Deputado da Universal não pode ser preso, diz delegado

O delegado da Polícia Federal David Campos afirmou que “não tem elementos suficientes” para prender o deputado e bispo da igreja Universal do Reino de Deus, João Batista Ramos da Silva (PFL-SP). Ele foi detido nesta segunda-feira (11/7) para prestar depoimento sobre sete malas com cerca de R$ 10 milhões, que iria transportar de Brasília para Goiânia.

Foram ouvidas as seis pessoas que acompanhavam o deputado: o piloto e o co-piloto, dois pastores e suas mulheres. Agora, João Batista será ouvido. As informações são da Agência Brasil.

David Campos afirmou que as conclusões do depoimento serão enviadas ao Supremo Tribunal Federal, que decidirá a respeito da instalação ou não de um inquérito, já que o deputado possui foro privilegiado. Segundo ele, no entanto, o deputado pode ser investigado por lavagem de dinheiro, evasão de divisas e sonegação fiscal já que “transportar valores não é crime” desde que sejam comprovados a origem e o destino do dinheiro.

De acordo com o delegado, a principal questão é saber porque os cerca de R$ 10 milhões estão tramitando fora do sistema financeiro, já que a igreja possui uma conta bancária. David Campos afirmou ainda que, segundo os depoimentos, essa é a primeira vez "que dinheiro de dízimo é entregue direto a um deputado sem usar o sistema financeiro".

O deputado afirma que possui uma declaração escrita neste domingo (10/7), que contém a origem e o destino do dinheiro. O avião estaria indo de Brasília para Goiânia e, em seguida, para São Paulo, onde o dinheiro seria depositado. Antes de recolher as doações de Brasília, o avião passou por Belém e Manaus, onde também teria recolhido dinheiro.

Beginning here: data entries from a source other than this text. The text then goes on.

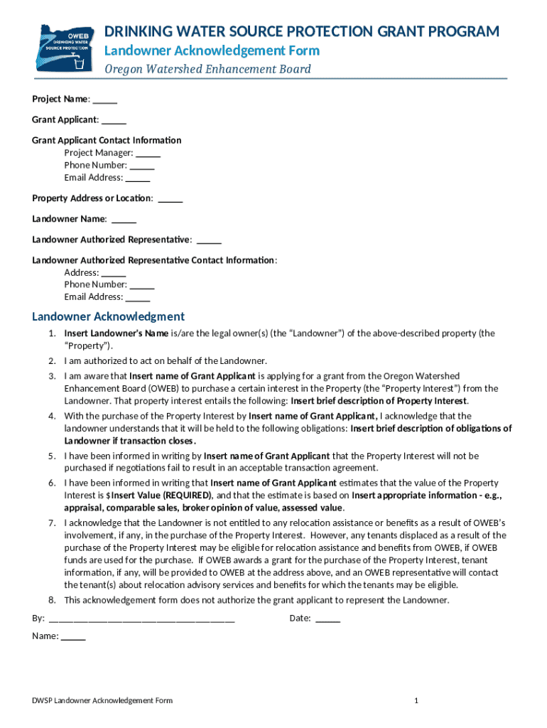 Understanding the DWSP Landowner Acknowledgement Template Form
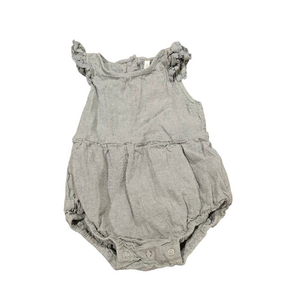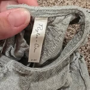 Excellent condition, toddler girl's Rylee + Cru green, linen blend, one piece romper/outfit. This snaps at the legs and buttons in the back.
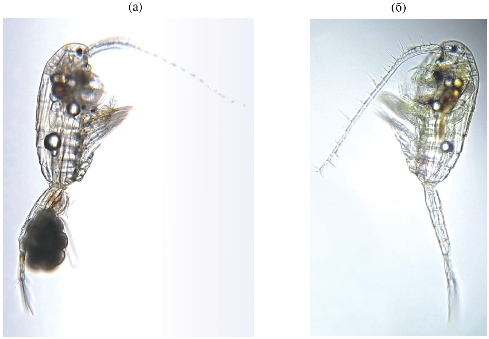 Рис. 2. Самка (а) и самец (б) Calanipeda aquaedulcis с жировыми каплями после избыточного кормления микроводорослями (Фото Л.С. Светличного)

Segundo o senador Marcello Crivella (PL-RJ), o dinheiro seria utilizado para o pagamento de despesas da igreja Universal do Reino de Deus. O senador, que é um dos dirigentes da Igreja Universal no Brasil, disse que o dinheiro foi arrecadado em ações de fiéis no último dia 09 de julho, quando a Igreja comemorou seu 28º aniversário.

Revista Consultor Jurídico, 11 de julho de 2005, 21h50

Comentários de leitores

1 comentário

Não há crime na conduta de portar R$10.000.000,...

Rossi Vieira (Advogado Autônomo - Criminal)

Não há crime na conduta de portar R$10.000.000,00 ( dez milhões de reais) de lá para cá e de cá para lá. Se houve sonegação, basta pagar ao fisco a parte reservada ao Estado. Mas esse negócio de parlamentar andar com tanto dinheiro, a mim, cheira mal. Não me convenci do argumento de que os bancos em Brasília teriam dificuldades de contabilizar o total do dinheiro. Não tenho noçaõ do que seja portar 10.000.000,00. No mínimo uma sensação extravagante. E por falar nisso, como a Universal do Reino de Deus pagou o canal record ? Ouvi dizer, da boca do povo, em maletas desse nível. Bem, até aí não é crime portar dinheiro em reais...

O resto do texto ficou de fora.